To solve this problem we will apply the concepts of linear mass density, and the expression of the wavelength with which we can find the frequency of the string. With these values it will be possible to find the voltage value. Later we will apply concepts related to harmonic waves in order to find the fundamental frequency.

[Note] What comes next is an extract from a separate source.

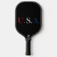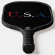 Pickleball Paddle for pickleball game day play print with U.S.A. Red White And Blue Lettering Design illustration par TheFabricSeal print on demand shop à Zazzle.com #ZazzleMade https://www.zazzle.com/store/thefabricseal Tous les drapeaux des pays du monde entier sont si beaux, y compris le drapeau inspiré pour ce design des Etats-Unis d'Amérique et l'équipe U.S.A. avec beau rouge, blanc et bleu sur un audacieux couleur arrière - plan noire. Notre boutique présente également les collections de produits de la marque américaine Stars and Stripes avec une couleur arrière - plan noire et blanche. Regarde-les.

The linear mass density is given as,

$\mu = \frac{m}{l}$

$\mu = \frac{8.79*10^{-3}}{70*10^{-2}}$

$\mu = 0.01255kg/m$

The expression for the wavelength of the standing wave for the second overtone is

$\lambda = \frac{2}{3} l$

Replacing we have

$\lambda = \frac{2}{3} (70*10^{-2})$

$\lambda = 0.466m$

The frequency of the sound wave is

$f_s = \frac{v}{\lambda_s}$

$f_s = \frac{344}{0.768}$

$f_s = 448Hz$

Now the velocity of the wave would be

$v = f_s \lambda$

$v = (448)(0.466)$

$v = 208.768m/s$

The expression that relates the velocity of the wave, tension on the string and linear mass density is

$v = \sqrt{\frac{T}{\mu}}$

$v^2 = \frac{T}{\mu}$

$T= \mu v^2$

$T = (0.01255kg/m)(208.768m/s)^2$

$T = 547N$

The tension in the string is 547N

PART B) The relation between the fundamental frequency and the $n^{th}$ harmonic frequency is

$f_n = nf_1$

Overtone is the resonant frequency above the fundamental frequency. The second overtone is the second resonant frequency after the fundamental frequency. Therefore

$n=3$